## [TASK DATA]
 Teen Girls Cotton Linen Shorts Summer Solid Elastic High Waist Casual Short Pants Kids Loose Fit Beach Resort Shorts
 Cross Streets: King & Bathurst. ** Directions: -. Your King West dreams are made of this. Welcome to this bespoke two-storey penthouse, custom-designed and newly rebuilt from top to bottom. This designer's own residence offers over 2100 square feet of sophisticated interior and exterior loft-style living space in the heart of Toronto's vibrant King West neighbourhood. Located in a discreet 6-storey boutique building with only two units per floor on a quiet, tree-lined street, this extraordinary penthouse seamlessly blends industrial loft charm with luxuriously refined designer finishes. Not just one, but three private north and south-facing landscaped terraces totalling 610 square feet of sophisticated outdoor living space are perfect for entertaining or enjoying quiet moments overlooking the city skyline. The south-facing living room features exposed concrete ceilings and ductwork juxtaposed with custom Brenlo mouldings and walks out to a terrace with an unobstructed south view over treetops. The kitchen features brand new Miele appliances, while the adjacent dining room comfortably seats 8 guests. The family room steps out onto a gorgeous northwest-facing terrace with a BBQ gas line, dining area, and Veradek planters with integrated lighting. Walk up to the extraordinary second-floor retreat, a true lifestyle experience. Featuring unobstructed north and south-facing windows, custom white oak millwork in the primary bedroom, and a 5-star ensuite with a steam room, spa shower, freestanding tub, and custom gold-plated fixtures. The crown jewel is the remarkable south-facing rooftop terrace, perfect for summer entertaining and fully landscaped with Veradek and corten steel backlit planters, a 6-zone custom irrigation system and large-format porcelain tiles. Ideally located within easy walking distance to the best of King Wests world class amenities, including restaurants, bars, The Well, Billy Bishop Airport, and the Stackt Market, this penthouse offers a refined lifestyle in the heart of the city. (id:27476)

==

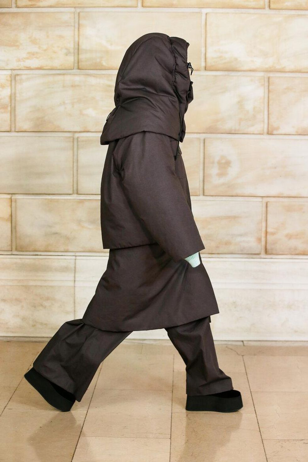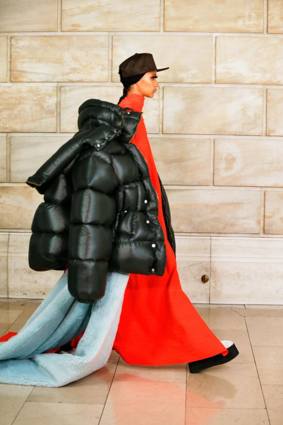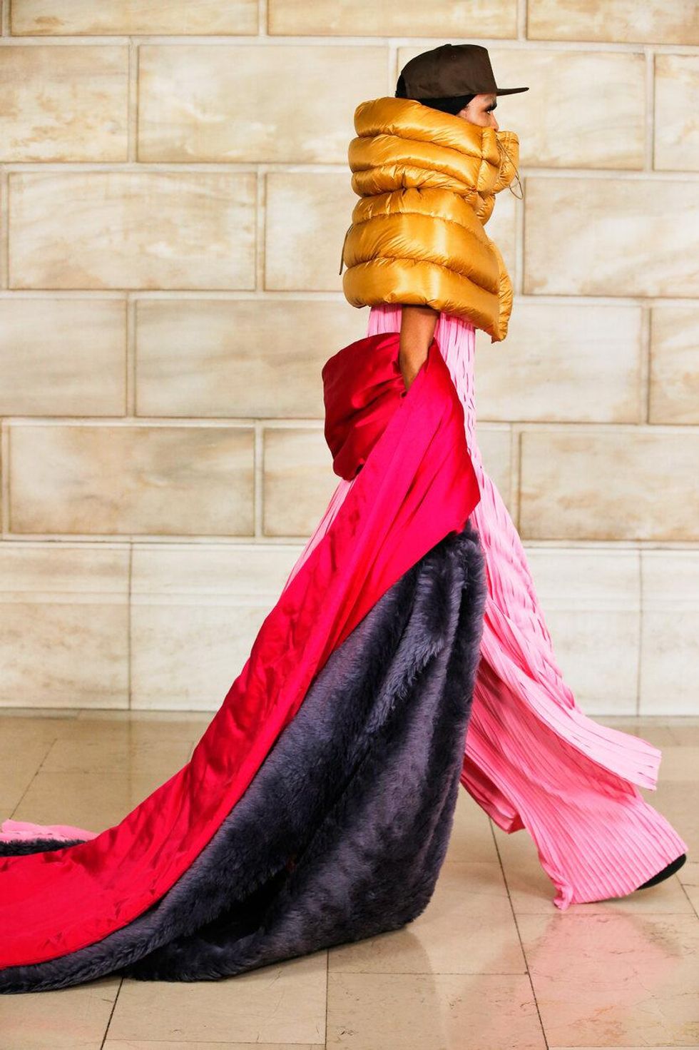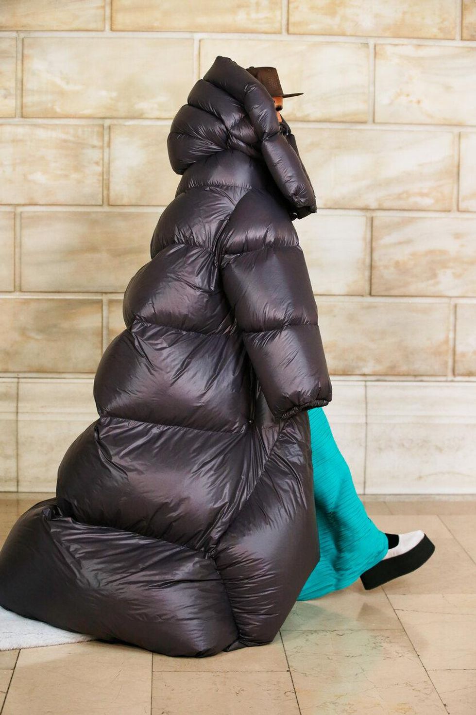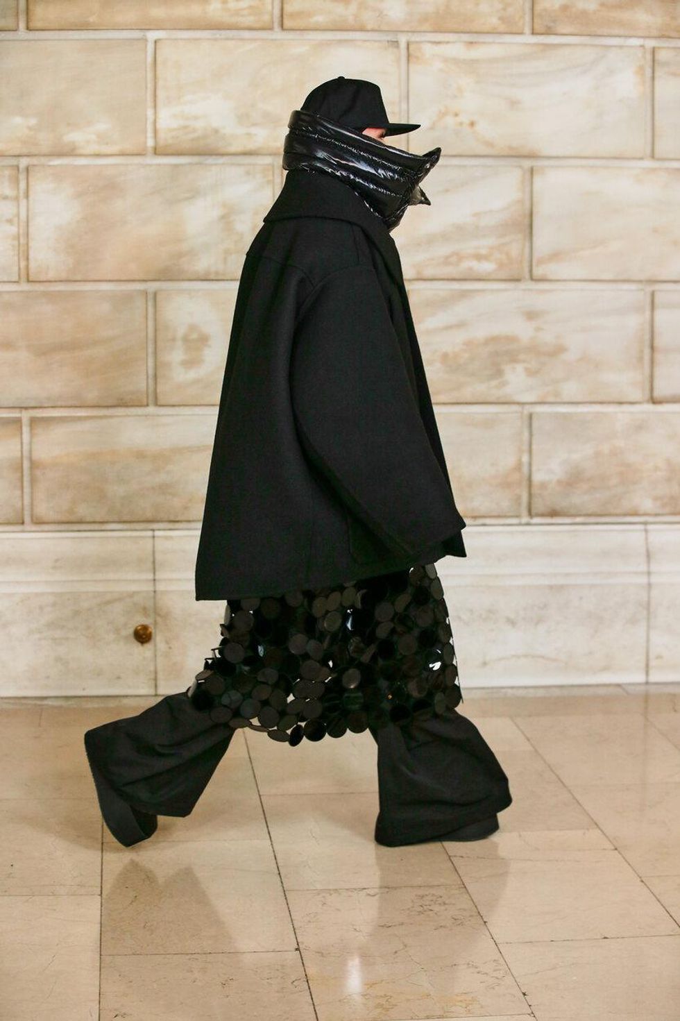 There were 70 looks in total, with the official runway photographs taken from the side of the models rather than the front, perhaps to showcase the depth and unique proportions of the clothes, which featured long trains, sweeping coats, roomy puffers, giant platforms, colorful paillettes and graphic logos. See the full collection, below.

## [TASK GOAL]
Everything above from the line containing "Teen Girls Cotton" down to the line containing "Cross Streets: King" should be copied exactly, both end lines included, and nothing else.

## [EXERCISE RESULT]
 Teen Girls Cotton Linen Shorts Summer Solid Elastic High Waist Casual Short Pants Kids Loose Fit Beach Resort Shorts
 Cross Streets: King & Bathurst. ** Directions: -. Your King West dreams are made of this. Welcome to this bespoke two-storey penthouse, custom-designed and newly rebuilt from top to bottom. This designer's own residence offers over 2100 square feet of sophisticated interior and exterior loft-style living space in the heart of Toronto's vibrant King West neighbourhood. Located in a discreet 6-storey boutique building with only two units per floor on a quiet, tree-lined street, this extraordinary penthouse seamlessly blends industrial loft charm with luxuriously refined designer finishes. Not just one, but three private north and south-facing landscaped terraces totalling 610 square feet of sophisticated outdoor living space are perfect for entertaining or enjoying quiet moments overlooking the city skyline. The south-facing living room features exposed concrete ceilings and ductwork juxtaposed with custom Brenlo mouldings and walks out to a terrace with an unobstructed south view over treetops. The kitchen features brand new Miele appliances, while the adjacent dining room comfortably seats 8 guests. The family room steps out onto a gorgeous northwest-facing terrace with a BBQ gas line, dining area, and Veradek planters with integrated lighting. Walk up to the extraordinary second-floor retreat, a true lifestyle experience. Featuring unobstructed north and south-facing windows, custom white oak millwork in the primary bedroom, and a 5-star ensuite with a steam room, spa shower, freestanding tub, and custom gold-plated fixtures. The crown jewel is the remarkable south-facing rooftop terrace, perfect for summer entertaining and fully landscaped with Veradek and corten steel backlit planters, a 6-zone custom irrigation system and large-format porcelain tiles. Ideally located within easy walking distance to the best of King Wests world class amenities, including restaurants, bars, The Well, Billy Bishop Airport, and the Stackt Market, this penthouse offers a refined lifestyle in the heart of the city. (id:27476)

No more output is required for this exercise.